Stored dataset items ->

___

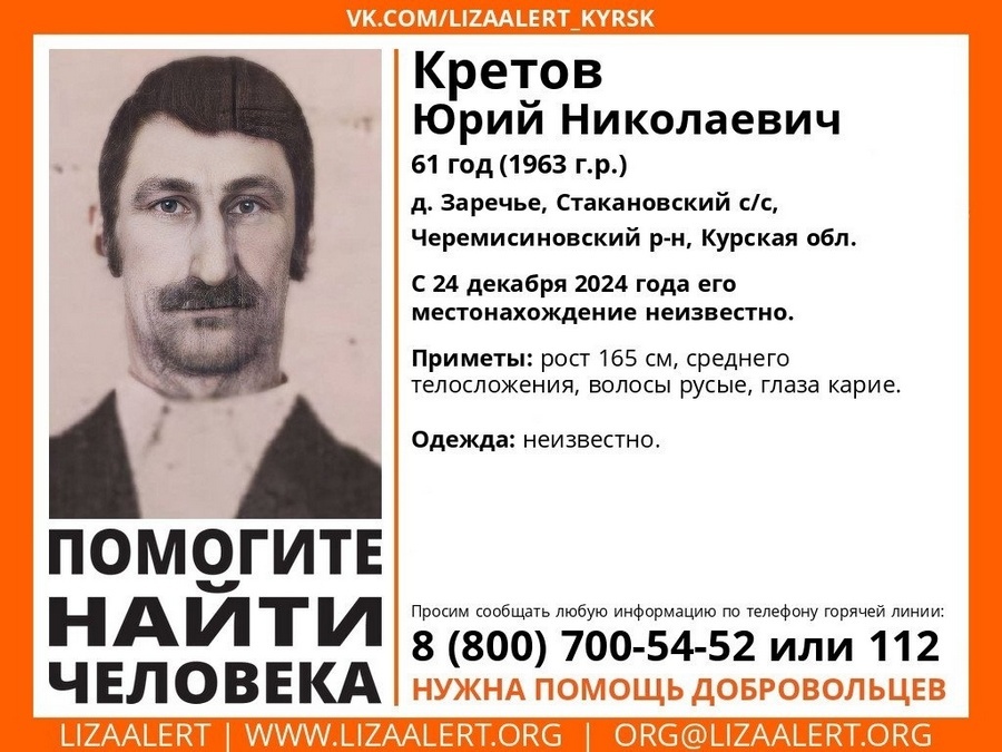 61-летний житель деревни Заречье Черемисиновского района пропал еще 24 декабря. В регионе идет его поиск. Как сообщили в волонтерском отряде «Лиза Алерт» Курской области, пропал Юрий Кретов. Его приметы: рост 165 см, среднего телосложения, волосы русые, глаза карие. В тему: Юлия КУРАСОВА Постоянный адрес новости на сайте «Друг для друга» ~ https://dddkursk.ru/lenta/2024/12/29/114901/. Новости Курска за ~ 29 декабря ~ декабрь 2024 года.
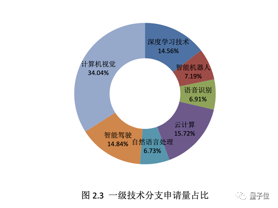 其后按照数量排序分别是占比 7.19%的智能机器人技术、占比6.91%的语音识别、 占比6.73%的自然语言处理技术。
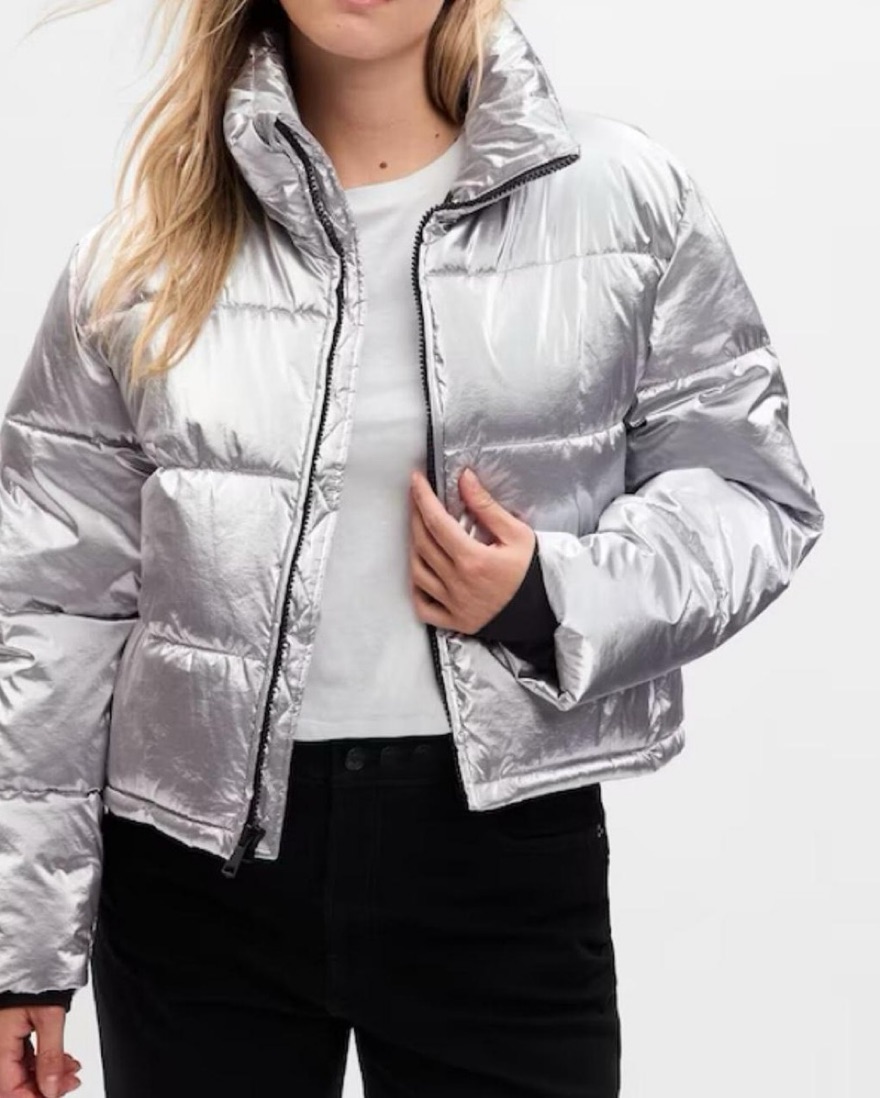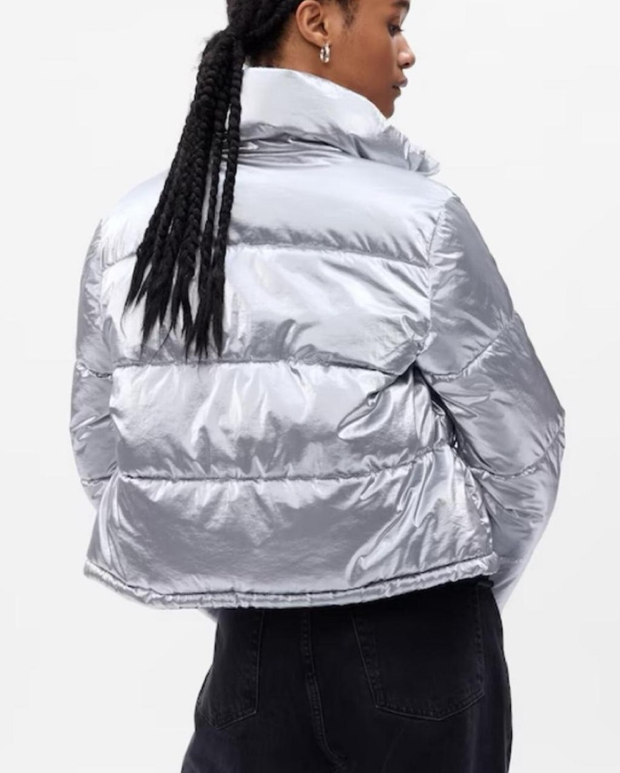 Gap Big Puff Cropped Jacket in Silver
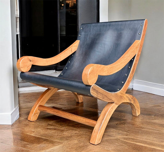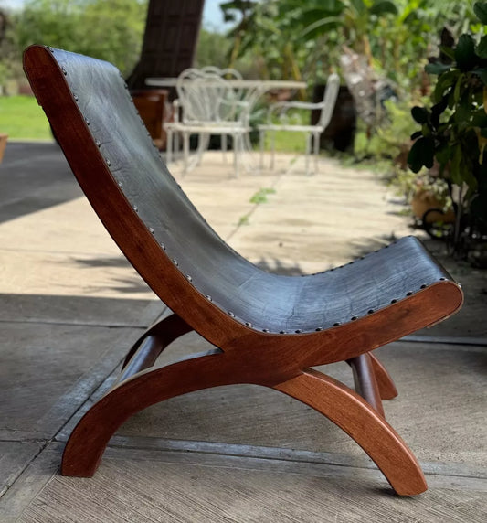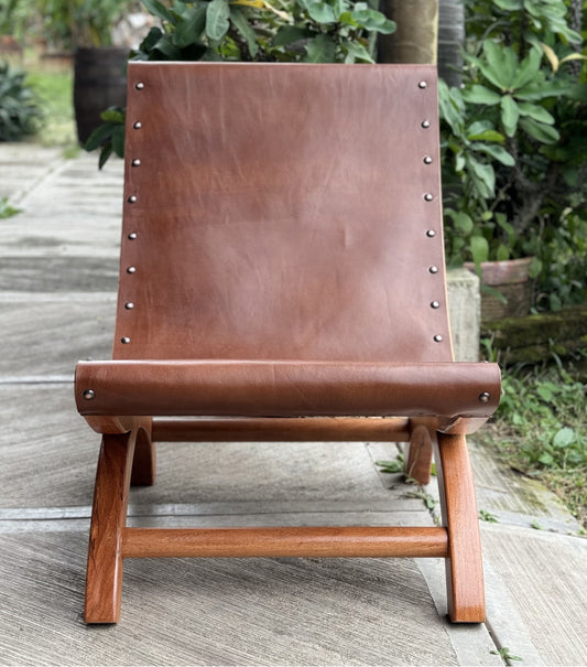 Sillon Miguelito De Descanso Piel Y Mezquite Estilo Antiguo.
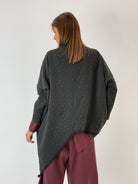 Blusa asimmetrica, pois in rilievo, punta laterale nella parte sinistra. Vestibilità comoda.
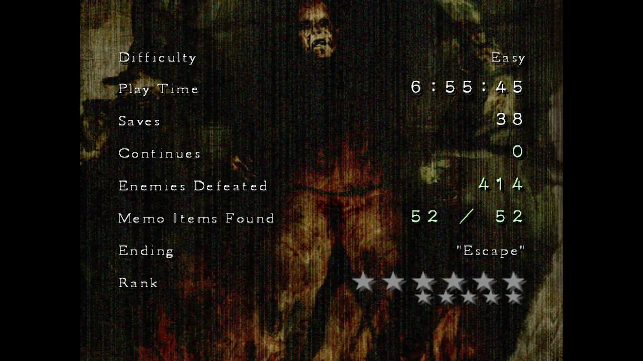 My original clear file after finishing Silent Hill 4: The Room.
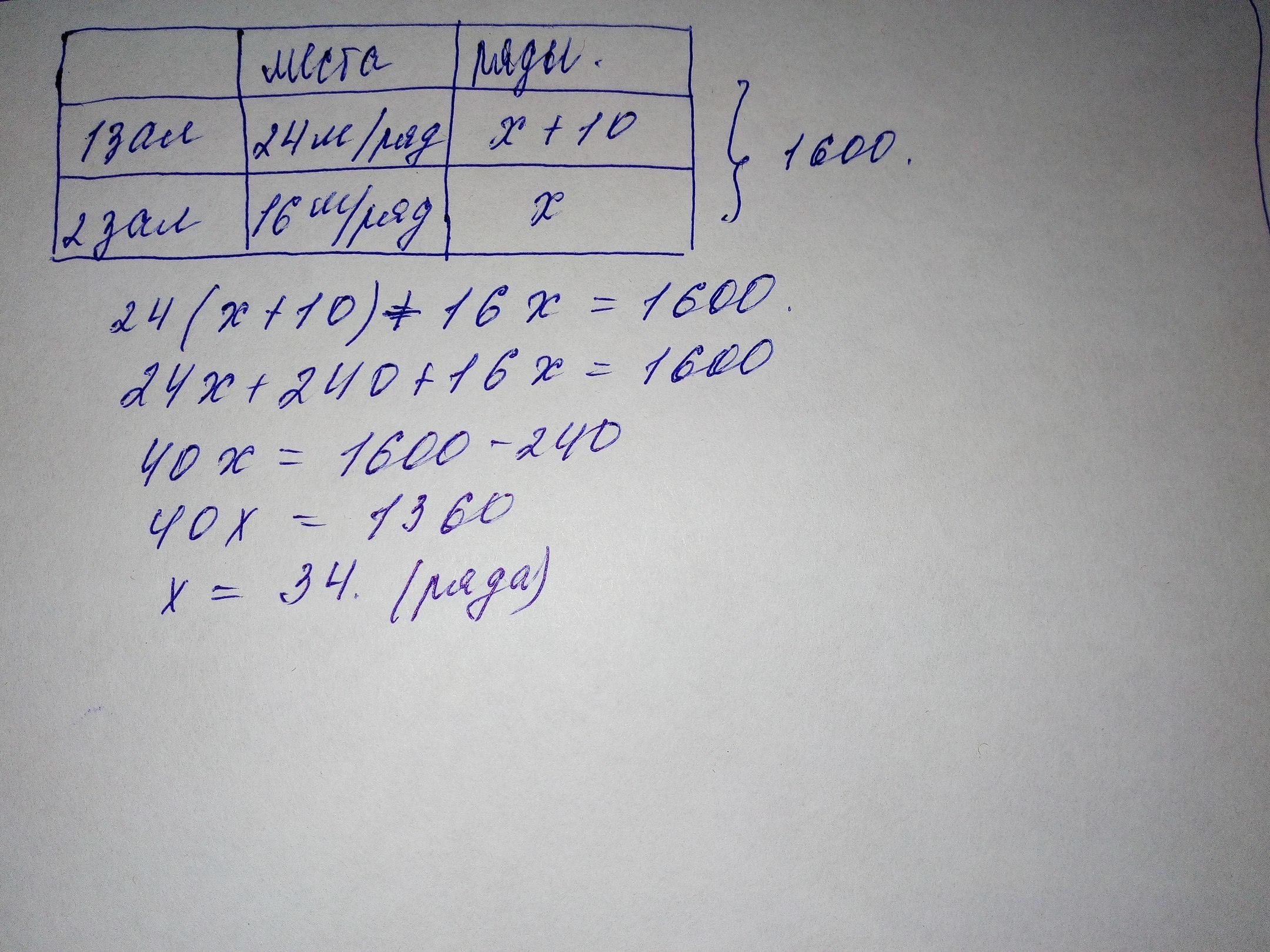 В театре имеется два зала: большой и малый. В большом в каждом ряду по 24 места, а в малом по 16 мест. Сколько рядов в каждом зале, если в большом их на 10 больше, а оба зала вмещают 1600 человек?

___

Task to complete -> Make an exact copy of the data, leaving its pictures out.

Exercise result ->
 61-летний житель деревни Заречье Черемисиновского района пропал еще 24 декабря. В регионе идет его поиск. Как сообщили в волонтерском отряде «Лиза Алерт» Курской области, пропал Юрий Кретов. Его приметы: рост 165 см, среднего телосложения, волосы русые, глаза карие. В тему: Юлия КУРАСОВА Постоянный адрес новости на сайте «Друг для друга» ~ https://dddkursk.ru/lenta/2024/12/29/114901/. Новости Курска за ~ 29 декабря ~ декабрь 2024 года.
 其后按照数量排序分别是占比 7.19%的智能机器人技术、占比6.91%的语音识别、 占比6.73%的自然语言处理技术。
 Gap Big Puff Cropped Jacket in Silver
 Sillon Miguelito De Descanso Piel Y Mezquite Estilo Antiguo.
 Blusa asimmetrica, pois in rilievo, punta laterale nella parte sinistra. Vestibilità comoda.
 My original clear file after finishing Silent Hill 4: The Room.
 В театре имеется два зала: большой и малый. В большом в каждом ряду по 24 места, а в малом по 16 мест. Сколько рядов в каждом зале, если в большом их на 10 больше, а оба зала вмещают 1600 человек?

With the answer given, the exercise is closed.